SUPPLIED INFORMATION START

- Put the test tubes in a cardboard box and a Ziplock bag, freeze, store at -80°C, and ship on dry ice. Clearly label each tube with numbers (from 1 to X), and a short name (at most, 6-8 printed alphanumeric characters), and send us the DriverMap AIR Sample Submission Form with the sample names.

SUPPLIED INFORMATION END
SUPPLIED INFORMATION START

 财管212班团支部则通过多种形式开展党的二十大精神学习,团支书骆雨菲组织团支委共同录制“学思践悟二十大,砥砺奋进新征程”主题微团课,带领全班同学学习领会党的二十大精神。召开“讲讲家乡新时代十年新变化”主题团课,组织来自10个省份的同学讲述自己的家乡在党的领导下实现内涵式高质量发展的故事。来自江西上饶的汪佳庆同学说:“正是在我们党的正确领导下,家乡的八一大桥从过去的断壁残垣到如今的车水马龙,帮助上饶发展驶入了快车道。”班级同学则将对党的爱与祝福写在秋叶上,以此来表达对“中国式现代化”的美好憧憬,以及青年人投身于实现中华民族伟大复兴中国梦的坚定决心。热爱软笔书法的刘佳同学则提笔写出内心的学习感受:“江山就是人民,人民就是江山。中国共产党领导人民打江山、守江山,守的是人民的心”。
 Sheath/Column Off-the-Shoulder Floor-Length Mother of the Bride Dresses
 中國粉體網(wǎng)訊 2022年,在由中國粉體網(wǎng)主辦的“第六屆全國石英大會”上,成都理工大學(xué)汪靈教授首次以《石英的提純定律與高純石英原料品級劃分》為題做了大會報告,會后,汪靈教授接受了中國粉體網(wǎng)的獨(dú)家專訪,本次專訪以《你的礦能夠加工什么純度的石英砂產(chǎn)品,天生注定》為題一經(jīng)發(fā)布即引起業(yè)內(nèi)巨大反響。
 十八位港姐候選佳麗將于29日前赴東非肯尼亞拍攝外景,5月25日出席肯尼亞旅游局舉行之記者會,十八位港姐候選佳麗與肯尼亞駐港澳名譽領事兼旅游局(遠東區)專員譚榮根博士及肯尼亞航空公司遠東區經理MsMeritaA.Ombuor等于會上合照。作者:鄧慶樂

SUPPLIED INFORMATION END

▶ **TASK TO COMPLETE**
All that should be written out is the stretch of lines above between the one holding "Sheath/Column Off-the-Shoulder Floor-Length" and the one holding "中國粉體網(wǎng)訊 2", inclusive, exactly as given.

▶ **RESPONSE BOX**
 Sheath/Column Off-the-Shoulder Floor-Length Mother of the Bride Dresses
 中國粉體網(wǎng)訊 2022年,在由中國粉體網(wǎng)主辦的“第六屆全國石英大會”上,成都理工大學(xué)汪靈教授首次以《石英的提純定律與高純石英原料品級劃分》為題做了大會報告,會后,汪靈教授接受了中國粉體網(wǎng)的獨(dú)家專訪,本次專訪以《你的礦能夠加工什么純度的石英砂產(chǎn)品,天生注定》為題一經(jīng)發(fā)布即引起業(yè)內(nèi)巨大反響。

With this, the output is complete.